Articles/Agents & Manager

◈ Agents & Manager/2026-06-22Advanced

Stop Hard-Coding Your Agent Concurrency: Let It Tune Itself From What It Observes

When you run several Antigravity 2.0 agents in parallel, a single fixed concurrency number is wrong twice: it stalls at 429s during the day and idles capacity at night. Here is an adaptive design borrowed from TCP congestion control — additive increase, multiplicative decrease — that moves your concurrency from observed signals, with working Python and field notes.

Antigravity²⁵⁵ AI agents²² parallel execution² adaptive control production operations⁴

✦ Premium Article

The parallel agents you run quietly overnight start spitting 429 Too Many Requests the moment your own morning work overlaps with them. If you picked one fixed number for concurrency, this is the path you almost always walk.

A fixed number is wrong in both directions. Set it low and your agents queue up and idle at 3am when nobody else is around. Set it high and they fight you for quota at midday while you are in a conversation on the same account, and the downstream API jams. Whichever way you lean, you are wrong during the other half of the day.

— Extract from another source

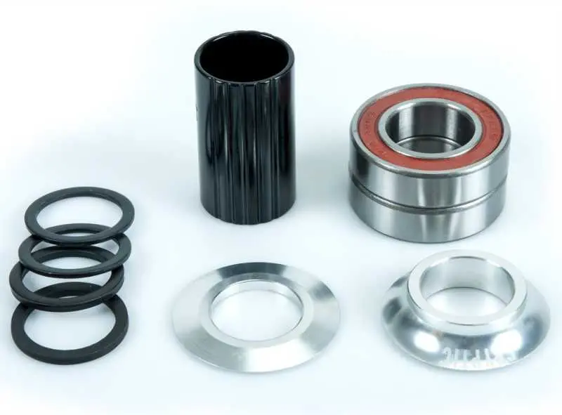 - Im Set enthalten: 2x Industrielager, 2 x große Abdeck Konen (flach: für Kettenblattseite / hoch: für Nicht-Kettenblattseite), 4 x kleine Distanzringe

This article is about a design that does not hold a concurrency limit but moves it — observing, then adjusting. The setting is Antigravity 2.0 parallel agents and the Managed Agents API, but the idea ports to any agent execution layer unchanged.

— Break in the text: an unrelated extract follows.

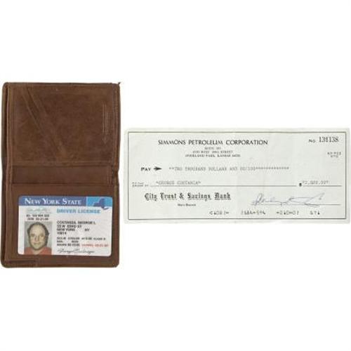 <B>George's</B></I> <B><I>Seinfeld</B></I></B></I> <B>Prop Check and Wallet with License.</B></I> Props for "George Costanza" (Jason Alexander) including a check written from Simmons Petroleum Corporation to George Costanza for $2,000, as well as a brown leather wallet with a clear plastic window exposing George's New York State driver's license, signed "George Costanza." In Fine to Very Fine condition, this fun group of souvenir props was well used; the check has been creased and folded and the wallet has worn edges and tape marks on front and back, and the driver's license is in Excellent condition with a clear image of the dearly loved character.<B>Condition Report:</B> Normal signs of wear as appropriate with age. The check has been folded and creased with dog earred corners. The wallet is worn with tape marks diagonally across front and back, frayed corners and red tape in side marked "George." The driver license is in excellent condition.<BR><BR><b>Shipping:</b> Flat Material, Small (<a target="_blank" href="http://www.heritageauctions.com/common/shipping.php">view shipping information</a>)

A Fixed Concurrency Number Is Usually Wrong

Let me put the failure structure down concretely. Suppose you pin concurrency at 6 for some workload.

Time	Downstream headroom	Result at concurrency 6
Late night (you are away)	Large	Wastes capacity. 10 or 12 would have cleared fine
Evening (you are also active)	Small	Shares quota with you and cascades into 429s
Right after a major update	Unknown	Latency climbs; even 6 can jam

Whichever row you optimize the constant for, it misses on the others. And the "correct" concurrency shifts by the minute, driven by things you do not control: whether you are at your desk, how much quota remains, how busy the model side is. Trying to pin a constant onto a moving target is the design error itself.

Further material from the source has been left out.